Heck, Indy had just gotten married! I could have been one of her bridesmaids!

I tried to hold on but I couldn’t help it, I could feel the tears welling in my eyes.

I thought I was used to the loss but, apparently, I wasn’t.

And that stunk.

“I hate my father,” I told Tom Savage quietly. Then before I could stop it, my breath hitched (repeatedly) and I hissed, “I hate him!”

Hector’s hands disappeared from my shoulders, his arms slid around my chest, his body got closer and I felt his jaw against the side of my head.

Still I tried to gain control (this, by the way, didn’t work and I felt the tears slide down my cheeks).

“Sadie, sugar –” Daisy whispered gently and at her words the Rock Chicks and Ralphie pulled in ever closer.

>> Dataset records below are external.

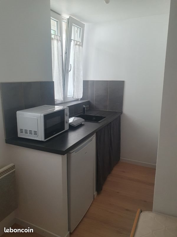 Loue pour personne sérieuse petit studio calme au 1er étage d'un immeuble sécurisé au 19, rue St-Jean à Laon. Il est situé à 10 min à pieds des écoles du plateau, et à proximité immédiate des épiceries, restaurants, bus, etc. Le logement est composé d'une pièce principale avec coin kitchenette, un espace de travail, un espace couchage avec un lit 1 personne, ainsi qu'une salle de bain avec Wc. Loué meublé, il dispose d'un petit frigo, micro-onde, plaque induction, bureau avec chaise, télé, rangements, etc. Compteurs électrique et eau indépendants à votre charge. L'appartement est disponible dès maintenant, il est en très bon état.
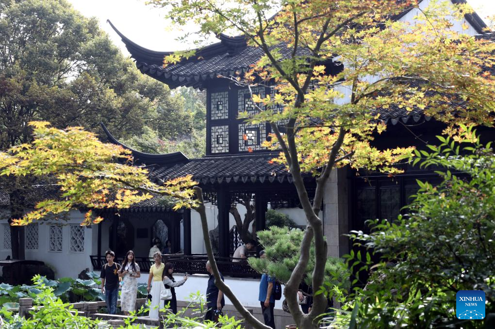 Tourists enjoy the scenery at Lingering Garden in Suzhou, east China's Jiangsu Province, Oct. 17, 2025. (Photo by Hang Xingwei/Xinhua)
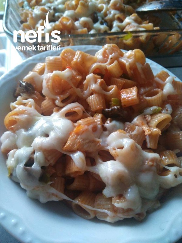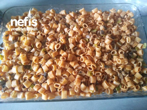 6. Makarna pişirdiğiniz gibi az salça ile pişirin karıştırıp ocaktan alın pişireceğiniz tepsiye makarnayı ve mantarlı sotenizi döküp karıştırın.
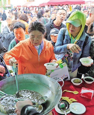 牙克石市民在品尝美食。
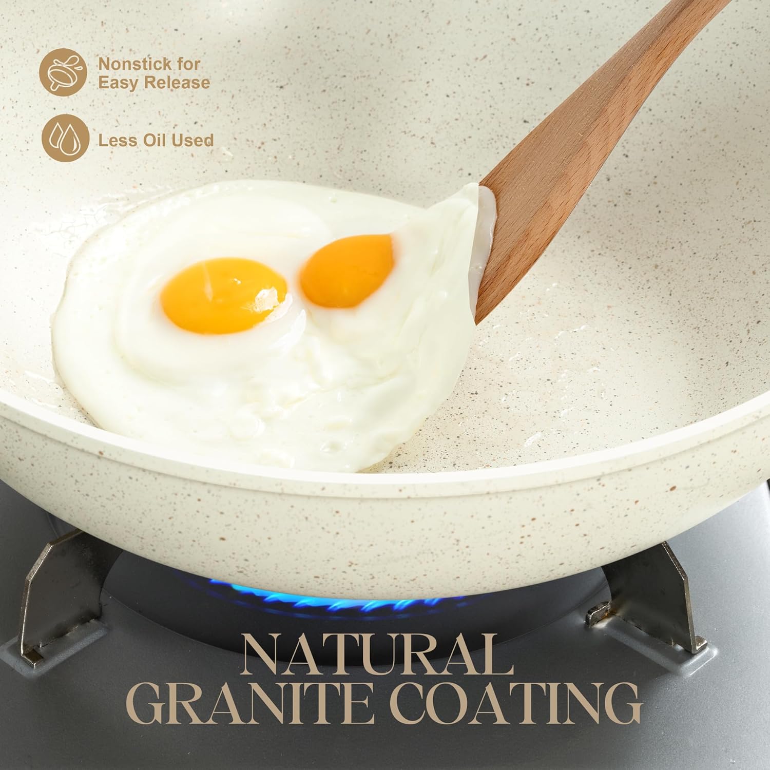 - Healthy Nonstick Coating - The granite non stick wok coating is free from toxic substances, ensuring health cooking, making cleaning effortless.
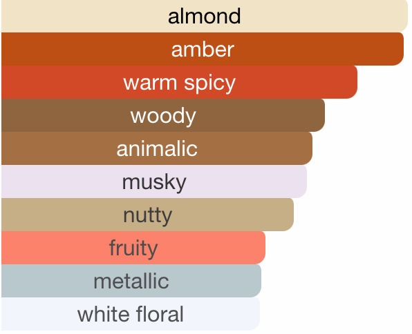 Bitter Almond, Saffron, Egyptian Jasmine, Virginia Cedar, Ambergris, Woody Notes, Musk, Ambroxan and Cashmeran
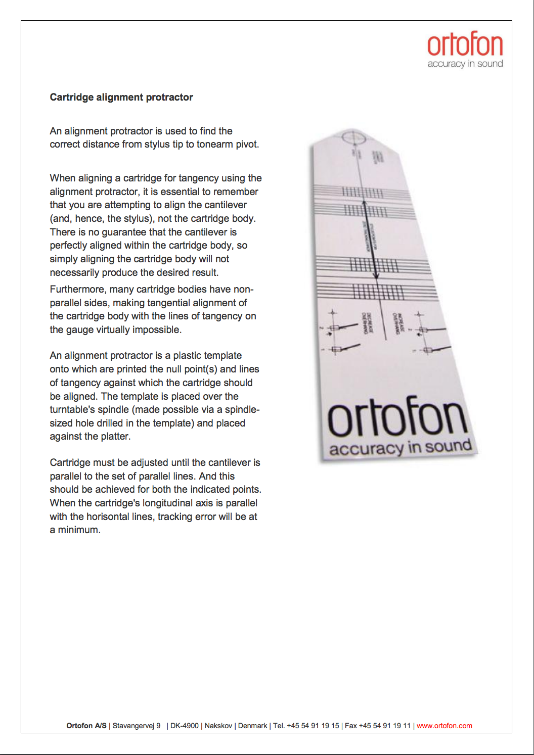 [TABLE][TR][TD]This plastic Ortofon protractor is a reliable way to ensure proper basic alignment of your standard half-inch mount cartridge of any brand. The goal is to avoid tracking error that especially occurs as your needle plays songs towards the inner part of the record. [/TD][/TR][/TABLE]
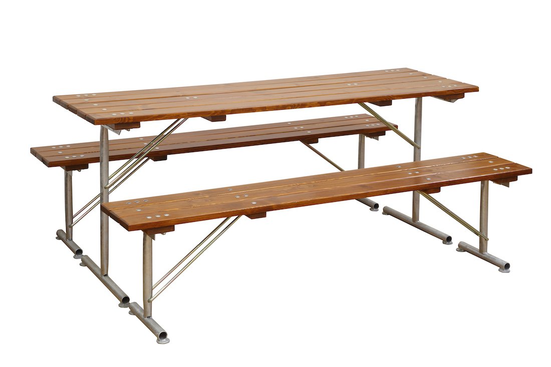 Kvalitní pivní souprava zinkovaná (povrchová úprava konstrukce zinkováním) se skládá z pivního stolu a dvou pivních lavic.

“I want you to come over for dinner tomorrow,” Tom said. “Indy and Ally’ll be there. So will Lee, Hank and Roxie. Hector too. The whole family.”

The whole family. He said, “The whole family.” I’d never had a “whole family”. Not their kind of family.

Well, I guess I did, once, but I lost it before I knew I even had it.

I pulled in my lips. Hector’s jaw left my head and his arms gave me a squeeze.

There was no way I was going to dinner at Tom Savage’s house with all my babyhood friends reunited. There was no way I was going to set myself up for that kind of loss. There was no way I was going to let any of this go on any longer than it had to.

The only thing I knew was that I had to devise a plan to get myself safe, safe from the Crazy Balducci Brothers and safe from any further emotional turmoil.